Тысячелетиями люди представляли, что именно так и зародилась архитектура: лесной пейзаж, деревянная хижина и порыв вдохновения положили начало целой области человеческой деятельности (хотя, пожалуй, галки и композиторы в этих картинах фигурируют нечасто). К истокам зодчества обращаются не только историки: многие представители искусства, как и Малер, предпочитали творить в слиянии с природой, да и популярность пляжных шалашей, хижин на деревьях и садовых домиков говорит сама за себя. «Рай в шалаше» привлекает и художников, и отдыхающих, и историков – первозданной чистотой и возможностью начать с нуля. Однако возвращение к истокам не только дает ответы, но и порождает новые вопросы. Сколько было таких истоков – один или много? И следует ли рассматривать неудачные, тупиковые попытки или стоит ограничиться историей, написанной победителями? Откуда черпать сведения о доисторических постройках? И где проходит водораздел между примитивными первобытными сооружениями и Архитектурой с большой буквы?

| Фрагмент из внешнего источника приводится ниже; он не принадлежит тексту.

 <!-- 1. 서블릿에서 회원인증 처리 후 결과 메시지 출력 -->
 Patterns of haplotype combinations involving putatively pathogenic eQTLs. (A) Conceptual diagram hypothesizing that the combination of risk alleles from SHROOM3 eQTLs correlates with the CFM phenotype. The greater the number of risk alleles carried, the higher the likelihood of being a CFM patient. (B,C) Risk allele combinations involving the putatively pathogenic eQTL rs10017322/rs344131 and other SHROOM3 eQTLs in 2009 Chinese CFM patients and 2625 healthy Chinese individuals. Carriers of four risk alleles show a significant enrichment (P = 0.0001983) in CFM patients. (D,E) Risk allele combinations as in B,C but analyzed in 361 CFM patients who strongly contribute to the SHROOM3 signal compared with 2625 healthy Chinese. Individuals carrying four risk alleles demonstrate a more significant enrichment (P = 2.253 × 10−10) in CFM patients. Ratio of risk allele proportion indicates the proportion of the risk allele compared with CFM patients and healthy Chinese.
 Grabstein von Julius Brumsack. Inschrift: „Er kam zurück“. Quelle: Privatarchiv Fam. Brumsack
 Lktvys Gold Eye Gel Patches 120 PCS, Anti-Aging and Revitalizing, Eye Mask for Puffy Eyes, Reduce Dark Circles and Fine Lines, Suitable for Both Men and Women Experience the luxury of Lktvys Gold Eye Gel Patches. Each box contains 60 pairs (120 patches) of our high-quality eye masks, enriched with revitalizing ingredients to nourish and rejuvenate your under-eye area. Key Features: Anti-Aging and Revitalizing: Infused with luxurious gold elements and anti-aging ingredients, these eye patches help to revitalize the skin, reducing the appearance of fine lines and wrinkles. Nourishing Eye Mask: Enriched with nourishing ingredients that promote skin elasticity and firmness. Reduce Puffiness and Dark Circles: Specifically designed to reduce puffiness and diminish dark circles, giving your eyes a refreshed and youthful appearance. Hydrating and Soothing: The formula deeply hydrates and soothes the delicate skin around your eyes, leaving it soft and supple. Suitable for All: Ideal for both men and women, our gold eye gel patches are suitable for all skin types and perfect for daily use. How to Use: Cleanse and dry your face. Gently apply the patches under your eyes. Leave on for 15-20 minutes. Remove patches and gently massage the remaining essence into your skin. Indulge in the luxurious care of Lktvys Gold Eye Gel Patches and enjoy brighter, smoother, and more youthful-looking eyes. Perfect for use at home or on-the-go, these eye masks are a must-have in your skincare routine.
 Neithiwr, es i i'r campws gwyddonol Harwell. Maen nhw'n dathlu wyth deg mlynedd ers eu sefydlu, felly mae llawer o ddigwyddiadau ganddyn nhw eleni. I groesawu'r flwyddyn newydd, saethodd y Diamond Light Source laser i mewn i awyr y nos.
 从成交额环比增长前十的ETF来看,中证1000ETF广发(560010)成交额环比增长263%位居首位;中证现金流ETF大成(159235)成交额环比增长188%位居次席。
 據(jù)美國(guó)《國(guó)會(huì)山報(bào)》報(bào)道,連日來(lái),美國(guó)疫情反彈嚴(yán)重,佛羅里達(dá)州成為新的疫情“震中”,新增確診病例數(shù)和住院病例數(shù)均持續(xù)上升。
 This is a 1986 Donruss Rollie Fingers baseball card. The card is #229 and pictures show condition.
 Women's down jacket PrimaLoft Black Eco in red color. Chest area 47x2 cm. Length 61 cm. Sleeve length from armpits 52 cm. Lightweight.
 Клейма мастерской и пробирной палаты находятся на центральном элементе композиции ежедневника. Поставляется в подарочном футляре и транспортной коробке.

Боюсь, последний вопрос останется риторическим – я на него ответить не берусь. Историк архитектуры Николаус Певзнер начинает свои «Очерки о европейской архитектуре» (Outline of European Architecture) с того, что высокомерно называет велосипедный сарай чем-то, не заслуживающим внимания и не имеющим отношения к зодчеству, а вот я собираюсь изрядно покопаться в «сараях» истории. Что же касается истоков – тут я несколько лукавлю, поскольку начал не с доисторических времен (Малер при всех его недостатках неандертальцем не был). Я просто выбрал подходящую отправную точку и с равным успехом мог бы взять любой пример возвращения человека к примитивной постройке. Я воспользовался тайным ходом, срезал путь, отклонившись от линии времени и выбрав, может быть, менее изящный, но зато более удобный способ изложить достаточно запутанную тему. И хотя десять тематических глав моей книги выстроены в хронологическом порядке, мы и дальше будем кое-где пользоваться тайными ходами и перемещаться во времени и пространстве, рассматривая самые разные темы – секс, власть, нравственность и т. д. – в контексте их связи с архитектурой. Давайте же перенесемся вслед за Малером в доисторические кущи: его скромный выбор места для работы как нельзя лучше перекликается с первой моей темой – истоки архитектуры.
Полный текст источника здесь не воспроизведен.